Number of all cycles in permutations is equal to n!

Question

It might be a well known fact, but I wanted to clarify if it is correct to state that the number of all possible n-permutation cycles (unsigned Stirling numbers of first kind) is factorial of n?

$$ \sum_{k=1}^{n} c(n,k) = n! $$

If correct, I assume that one could prove the statement by looking at canonical cycle notation of each permutation and argue that there exists a unique way to put parentheses to form cycles.*.

*by the lemma given in my textbook (Bona, A Walk Through Combinatorics, p130):

Lemma 6.15 (Transition Lemma). Let p : [n] → [n] be a permutation written in canonical cycle notation. Let g(p) be the permutation obtained from p by removing the parentheses and reading the entries as a permutation in the one-line notation. Then g is a bijection from the set Sn of all permutations on [n] onto Sn.

I apologize if it is an obvious statement, I just wanted to clarify that it is correct.

Answer 1

Here is the proof, from Bolker and Gleason, Counting Permuations.

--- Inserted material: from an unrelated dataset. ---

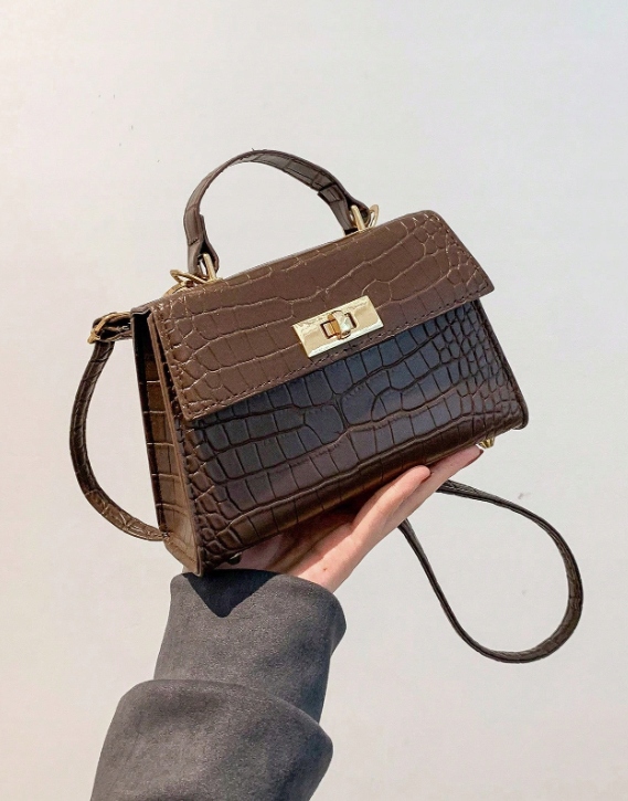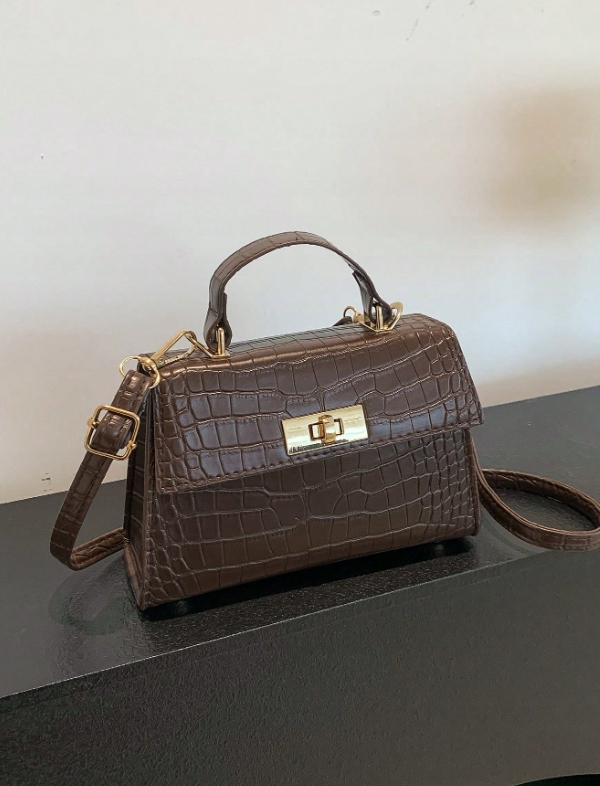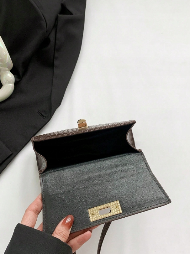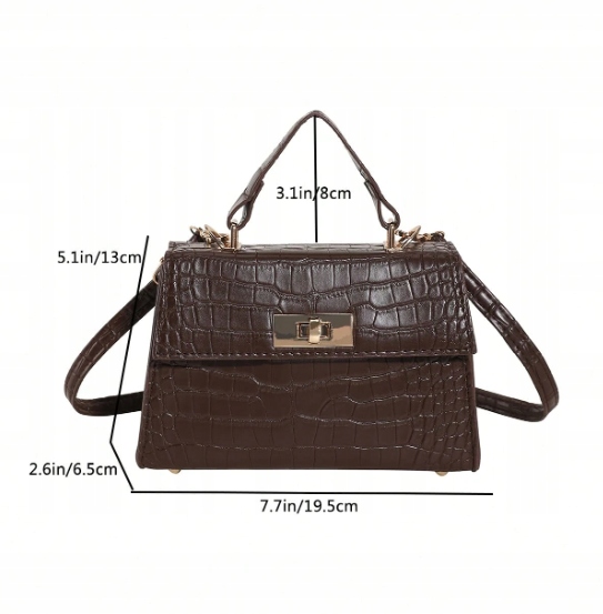 Stylowa damska torebka listonoszka w odcieniu ciemnego brązu to wyjątkowy model łączący elegancję klasycznego kuferka z nowoczesnym designem i praktycznym charakterem. Wykonana z wysokiej jakości skóry ekologicznej o fakturze croco, przyciąga uwagę subtelnym połyskiem oraz wyrafinowanym wykończeniem, które dodaje jej luksusowego wyglądu. Torebka jest niewielka, dzięki czemu doskonale sprawdzi się jako poręczny dodatek do codziennych oraz wieczorowych stylizacji.

It is well known that any permutation of A can be written as a product of disjoint cycles. This representation is not strictly unique because of ambiguities of order (e.g., (ab)(cd) and (dc)(ab) represent the same permutation). However, if a linear order relation is imposed on A, then we can pick out a canonical way to write a permutation of A as a product of cycles by observing the following rules :

(a) Even trivial cycles of length one are written.

(b) Each cycle is written so that its least member occurs at the end.

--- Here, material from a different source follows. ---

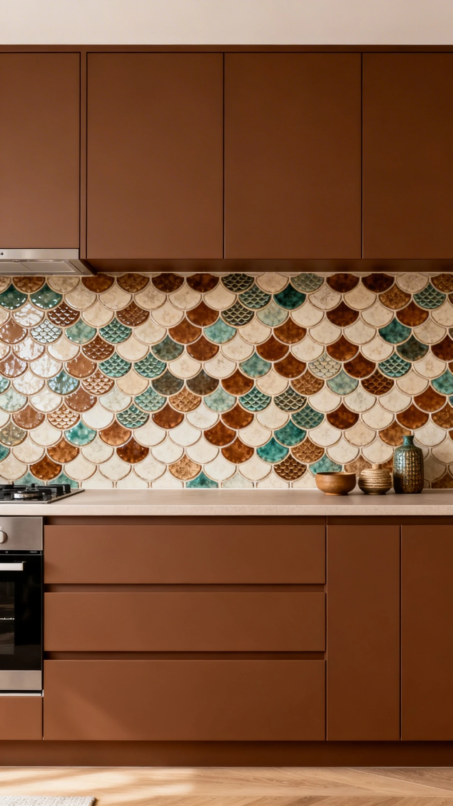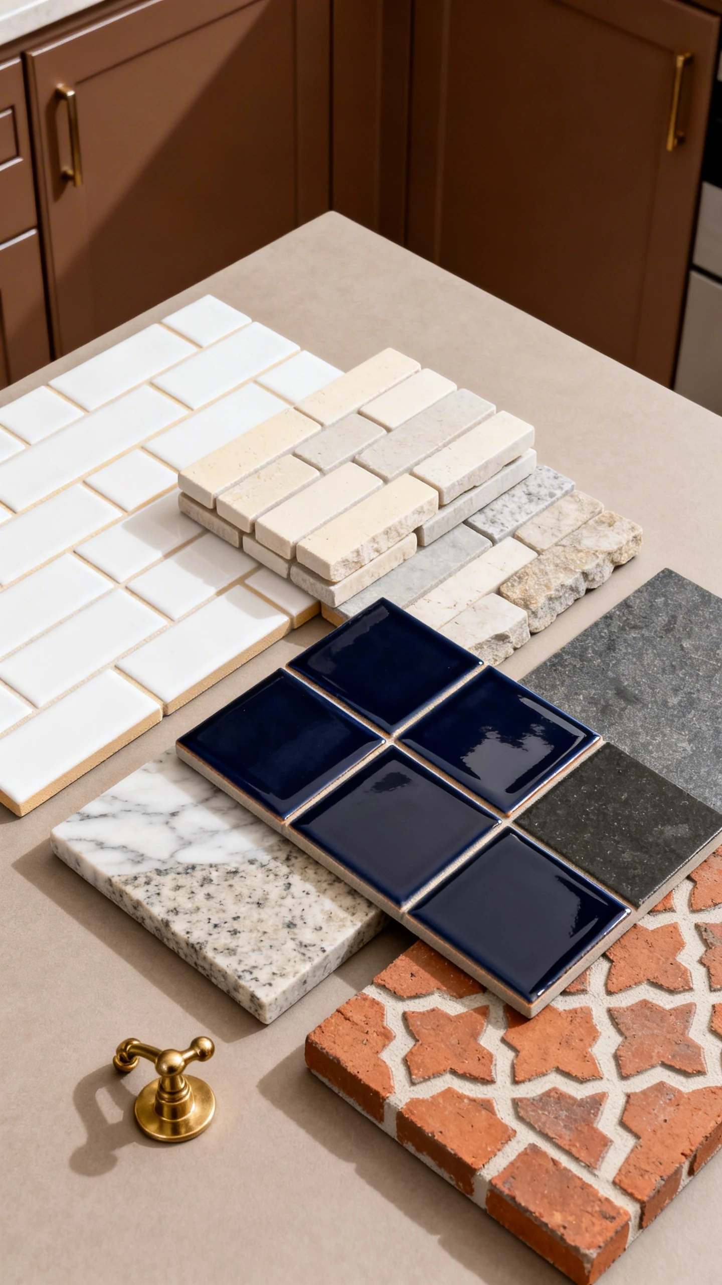 Brown cabinets can lean red, orange, or neutral. Your backsplash should match that energy, not fight it like a petty group chat.

(c) The cycles are written so that their least members increase.

Hence, if A = {a, b, c, d, e, f g} with alphabetical order, the permutation (a c e) (g d f) has the canonical form (c e a) (b) (f g d). Now in this canonical form the parentheses marking the cycle boundaries can be dispensed with; there is no loss of information if we write the above permutation simply as the arrangement c e a b f g d, because a cycle closes whenever we come to an element which precedes in the ordering of A all the elements that follow it in the arrangement. We obtain in this way a one-to-one correspondence between the arrangements of A and the permutations of A.

Answer 2

Think about it like this: If I knew the digits in your 5-digit laptop password but did not know the exact order they came in, how many guesses can I attempt to make, assuming I'm lazy and that first step itself took a lot of effort?

So I must type in a first digit. I have five options for this. Consider one of the options, like $4$ maybe. I have four more options left for the second digit. Let's say $3$. I'll then have 3 choices for the third digit and so on. Obviously, after four digits I only have one choice for the fifth digit.

Thus consider this: I have $5$ options for digit $1$, each of which branch out into $4$ possibilities for the second digit, $3$ for the third and so on.

By the way these are permutations because order matters. I won't gain access if I write the digits in the wrong way, otherwise I would have never bothered with this story in the first place.

Consider the branching then. $5$ into $4$ on and on it $1$. This maps our possibility space which becomes: $5 \cdot 4 \cdot 3 \cdot 2 \cdot 1$

Look familiar?